Zing Forum

Reading

HALO: A Multimodal Embodied Intelligence Model That Teaches Robots to "Think Before Acting"

HALO is a unified Vision-Language-Action (VLA) model that enables embodied multimodal chain-of-thought reasoning through the cognitive pathway of "Think-Imagine-Execute". This model adopts a hybrid Transformer architecture and achieves significantly better results than existing baselines on the RoboTwin 2.0 benchmark.

具身智能视觉语言行动模型思维链推理机器人学习多模态学习混合TransformerICML 2026
Published 2026-05-08 06:14Recent activity 2026-05-08 10:11Estimated read 6 min
HALO: A Multimodal Embodied Intelligence Model That Teaches Robots to "Think Before Acting"
1

Section 01

[Introduction] HALO: A Multimodal Embodied Intelligence Model That Teaches Robots to "Think Before Acting"
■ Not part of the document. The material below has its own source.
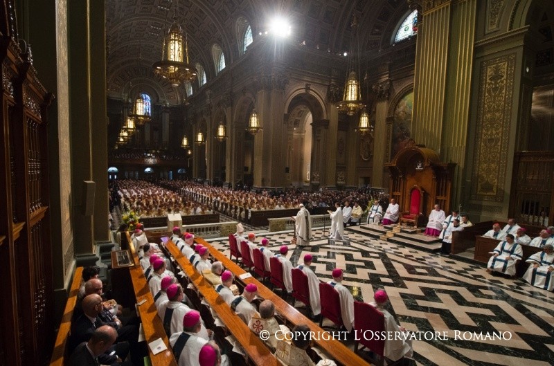 Accolto a Philadelphia dall’Arcivescovo S.E. Mons. Charles Joseph Chaput, OFM Cap., e da alcune Autorità locali, il Papa si è recato in auto alla Cattedrale Basilica dedicata ai Santi Pietro e Paolo dove, alle ore 10.30, ha presieduto la Celebrazione Eucaristica con i Vescovi, i sacerdoti, i religiosi e le religiose della Pennsylvania.

HALO is a unified Vision-Language-Action (VLA) model that enables embodied multimodal chain-of-thought reasoning through the cognitive pathway of "Think-Imagine-Execute". This model adopts a hybrid Transformer architecture and achieves significantly better results than existing baselines on the RoboTwin 2.0 benchmark. Keywords: Embodied Intelligence, Vision-Language-Action Model, Chain-of-Thought Reasoning, Robot Learning, Multimodal Learning, Hybrid Transformer, ICML 2026.

2

Section 02

Background: Reasoning Gap and Challenges in Embodied Intelligence

Current Vision-Language-Action (VLA) models have made significant progress in robot control tasks, but most directly map perceptual inputs to motion commands, lacking human-like deliberate reasoning capabilities. They are prone to error accumulation and insufficient generalization when facing complex multi-step tasks. Humans follow the cognitive pathway of "Think-Plan-Execute" when performing complex tasks; how to enable robots to have similar capabilities is an important challenge in the field of embodied intelligence.

3

Section 03

Methodology: HALO's Multimodal Chain-of-Thought Framework and Technical Innovations

HALO follows a three-stage cognitive pathway of "Think-Imagine-Execute": 1. The Think stage generates text reasoning trajectories and subtask plans; 2. The Imagine stage predicts visual subgoal images; 3. The Execute stage generates action sequences based on EM-CoT context. The core innovation is the hybrid Transformer (MoT) architecture, which includes three expert modules (multimodal understanding, visual generation, action prediction) that share a self-attention stack but have independent feed-forward networks. The training strategy includes an automatic EM-CoT data synthesis pipeline (action primitive extraction, VLM annotation, subgoal selection) and two-stage training (general pre-training + EM-CoT-enhanced fine-tuning).

4

Section 04

Experimental Evidence: Excellent Performance on the RoboTwin 2.0 Benchmark

HALO performed outstandingly on the RoboTwin 2.0 benchmark (50 manipulation tasks, 100 evaluations per task):

Method Easy Success Rate Hard Success Rate
Diffusion Policy 28.0% 0.6%
RDT-1B 34.5% 13.7%
π₀ 46.4% 16.3%
HALO (without EM-CoT) 75.3% 21.2%
HALO (full EM-CoT) 80.5% 26.4%
Key findings: Compared to the π₀ baseline, HALO improved the Easy task success rate by +34.1% and the Hard task by +10.1%; the variant without EM-CoT still outperformed the strongest baseline by +28.9%; EM-CoT provided an additional +5.2% improvement. Ablation studies showed that text and visual reasoning provide independent and additive gains, and all pre-training sources are valuable.
5

Section 05

Open-Source Resources: Accessibility of the HALO Project

The HALO project is fully open-source, providing: pre-trained weights (EMA checkpoints on HuggingFace), fine-tuned weights (full EM-CoT model), datasets (pre-training data on ModelScope and unannotated RoboTwin data), code implementations (training/inference/evaluation code), and the paper (accepted by ICML 2026, arXiv preprint available). It uses the Apache-2.0 license, is based on Python and PyTorch, and supports FSDP distributed training and EMA saving.

6

Section 06

Conclusion and Outlook: The Significance of HALO for the Field of Embodied Intelligence

HALO demonstrates the effectiveness of integrating human-like cognitive pathways (Think-Imagine-Execute) into VLA models. The MoT architecture provides new ideas for integrating multimodal heterogeneous capabilities, and the automatic EM-CoT data synthesis pipeline offers a feasible solution for large-scale training. For researchers, HALO is a powerful baseline and scalable framework; future directions can explore more complex reasoning patterns, richer modal integration, and broader robot application scenarios.